So based on this question,
we've had a lot of projects that we've been working on.
I will not tell you about all we have done.
But, let me tell you about one that we are working now on.
This is something that we've been working on for about two years now.
And we're going to launch it in about 30 days.
It's called Duolingo.
This project started asking the following question:
How can we get 100 million people
translating the Web into every major language for free?
Okay, so there's a lot of things to say about this question.
First of all, translating the Web.
So right now the Web is partitioned into multiple languages.
A large fraction of it is in English.
If you don't know any English, you can't access it.
But there're large fractions in other languages,
and if you don't know those languages, you can't access them.
So I would like to translate all of the Web into every major languages.

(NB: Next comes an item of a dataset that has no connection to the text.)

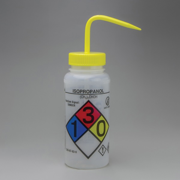 Wash Bottle, 500 ml, Translucent, LDPE, Yellow Cap, Polypropylene Cap Material, Wide Mouth, 53 mm Neck Size, Isopropanol Labeled, Pre-printed, Safety-vented, Color-coded, Valve Allows Dispensing of Wash Bottle in an Upright or Inverted Position

So that's what I would like to do.
Now some of you may say,
why can't we use computers to translate?
Machine translation nowadays is starting to translate some sentences here and there.
Well the problem with that is that
it's not yet good enough,
and it probably won't be for the next 20 to 30 years.

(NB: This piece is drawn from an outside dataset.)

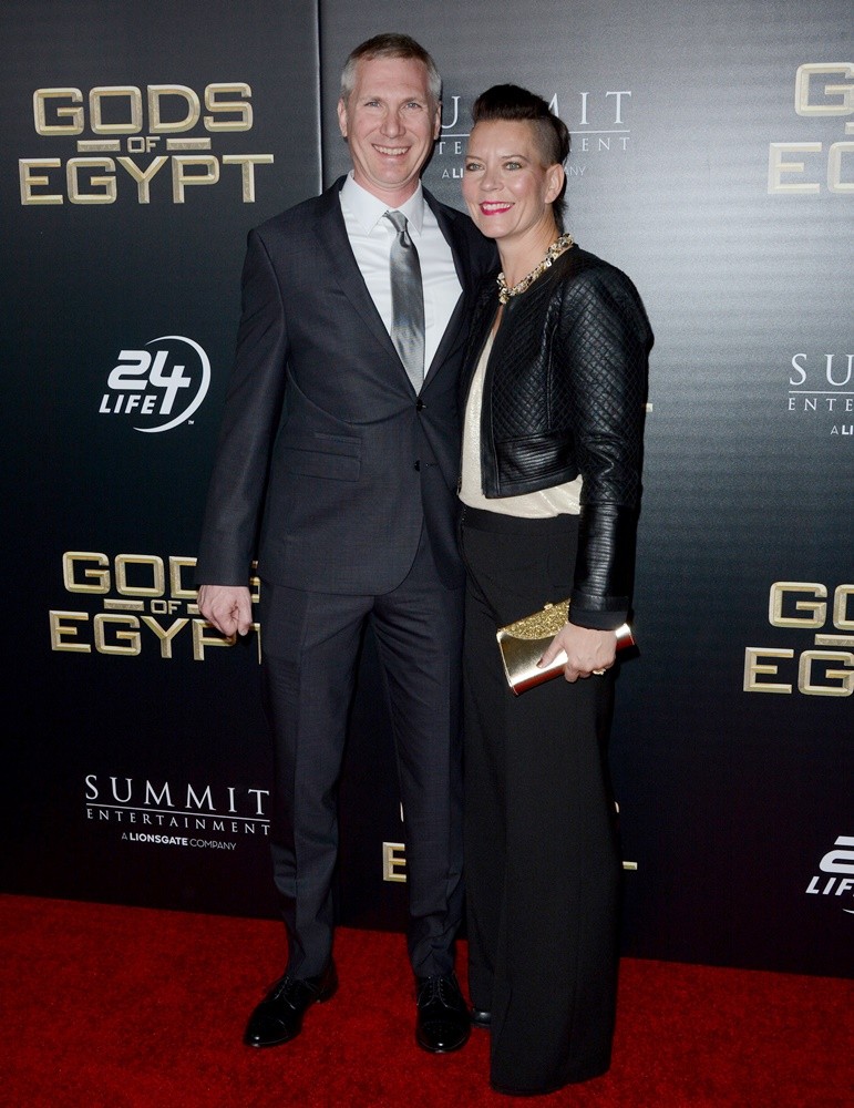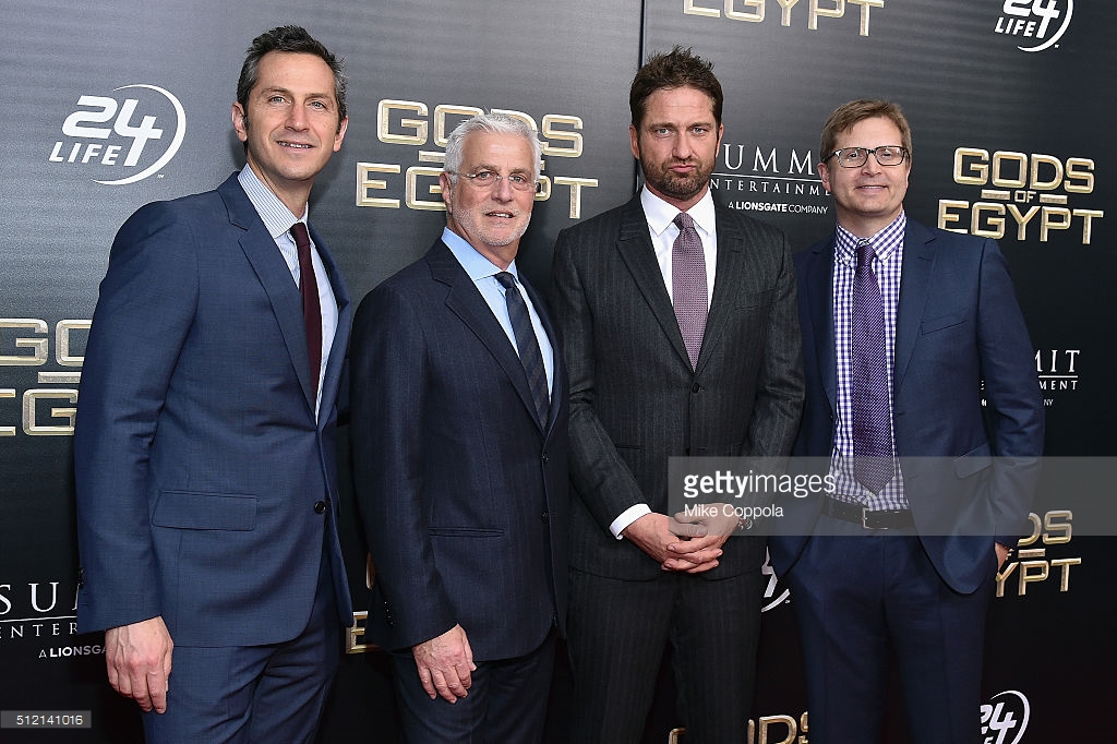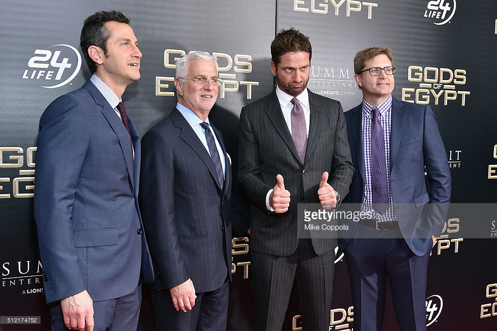 Вот прокатчики--Co-President at Lionsgate Motion Picture Group Erik Feig, Co-chairman at Lionsgate Motion Picture Group Rob Friedman, actor Gerard Butler, and President of Production, Lions gate Entertainment at Lionsgate Motion Picture Group Geoff Shaevitz attend the 'Gods Of Egypt' New York Premiere at AMC Loews Lincoln Square 13 on February 24, 2016 in New York City. А это один из сценаристов. С женой наверное. Matt Sazama, Barbara Sazama.

So let me show you an example of something
that was translated with a machine.
Actually it was a forum post about ...
is a forum about programming questions.
It was a programming question translated from Japanese
into English and from then into Spanish, though my translation is good.
The other one is bad. You'll see.
So I'll just let you read.
This person starts apologizing for the fact that it's a machine translation.
Indeed, this was done with the best translation program
from Japanese into English.
Remember, it's a question about computer programming.
So here you are the preamble to the question.
(Text: At often, the goat-time install a error is vomit.) (Laughter)
Then comes the first part of the question.
(Text: How many times like the wind, a pole, and the dragon?) (Laughter)
Then comes my favorite part of the question.
(Text: This insult to father's stones?) (Laughter)
And then comes my favorite part of the whole thing.
(Text: Please apologize for your stupidity. There are a many thank you.) (Laughter)
Okay, so computer translation isn't yet good enough.
So we need people to translate.
So what I want is to get 100 million people
translating the Web into every major language for free.
But I don't think I could afford paying 100 million people for the job,
so I want them to do it for free.
Now if this is what you want to do,
you pretty quickly realize you're going to run into
two pretty big obstacles, needing to be hurdled.
The first one is a lack of bilinguals.
So I don't even know if there exists 100 million people out there
using the Web who are bilingual enough to help us translate.
That's a big problem.
The other problem is a lack of motivation.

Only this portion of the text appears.